When Premier Houston was asked recently when he would change Ms. Oldfield’s interim status; he bristled with annoyance and promptly denigrated critics, doubling down by shaming them for daring to criticize. Undoubtedly, the weight of the many challenges at hand is taking a toll on the premier but unless bridges are built with those critics, the premier’s aggressive and transformative agenda will never be realized.
Change management requires two elements to be successful; one is content experts who are respected by those that they lead and secondly, and perhaps more importantly, champions on the front lines to implement the changes needed. For last two decades we have lacked both and so we are in a mess. The old saying applies, “when you hold a hammer in your hand, everything looks like a nail.”
In these unprecedented times, politicians and bureaucrats need to understand that a nuanced approach is required otherwise they will appear disorganized, confused and misguided.
People are dying waiting for treatment, countless others are suffering.
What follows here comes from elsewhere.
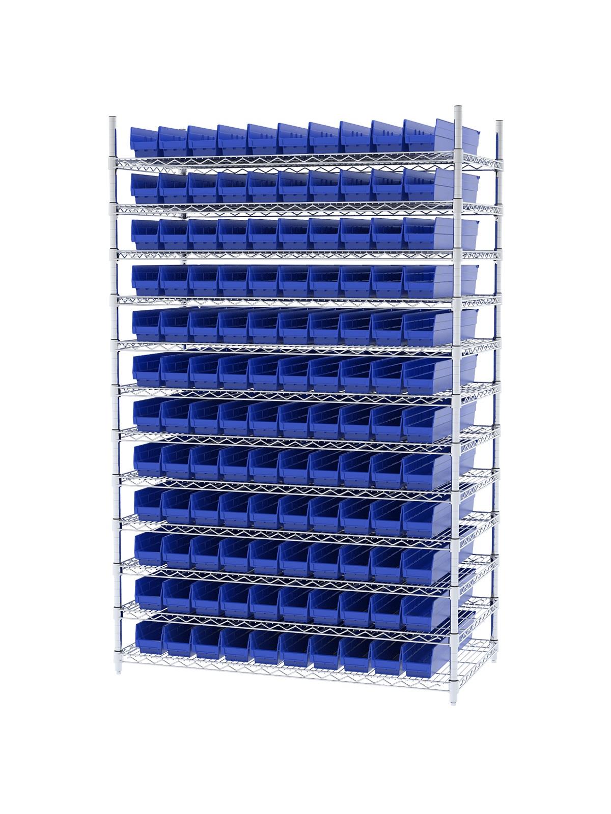 Shelf Bin Wire Systems can be configured for use with 36, 48, 60 or 96 bins providing a versatile system for storage and material handling. Durable and strong polypropylene shelf bins outlast corrugated bins. Bins available in Blue, Red, Yellow, or Semi-Clear. FOB Shipping Point.

We need immediate action to address critical situations in communities that were promised better. Recently one of my neighbours waited three hours for an ambulance to respond to an urgent appeal for help. The ambulance had to come from Antigonish and then had to return to Antigonish (208 kilometres) because the two nearest health facilities were closed. The patient had sepsis and was admitted. Another young patient injured in an ATV roll-over had to wait for an ambulance to respond from Sydney. We must do better!
We can do better but first we must restore a sense of trust in our system so that both workers and consumers feel their opinions have value. Both need to know that the people managing the system actually do know the business and have experience and training that qualifies them as change managers.
It is discouraging to have four politicians hold a news conference to talk about alternative models of health care delivery, make pronouncements on how they will fix the system without a single content expert at that news conference to assure people that their leaders have consulted with them. On the contrary, there is ample evidence that we got into this mess because politicians had all the answers when they clearly were motivated by political expediency rather than evidence.
Once again, without credibility trust cannot be built. Without trust, no one will go the extra mile. In a crisis, as in war, it is not the usual approach that wins the day, it is the extraordinary effort. We will not find enough of the new nurses and physicians we need to fix this problem in the short term so it behooves everyone to roll up their sleeves as we are in for a very tough five years, likely longer.
The very least the politicians can do is get out of the way while enabling those who know the business do their work. We have to reevaluate the model of care because the current model is broken. When two large urban emergency centres are telling their patrons to stay away, as Moncton and St John have done recently, there is no further proof needed that the system is not coping, and that is before the flu season and the fall COVID-19 surge are upon us.
This is not scaremongering but a reality check that should make citizens demand that our health governance model be transparent, accountable and welcoming of input even from those who are not friendly to the governing establishment.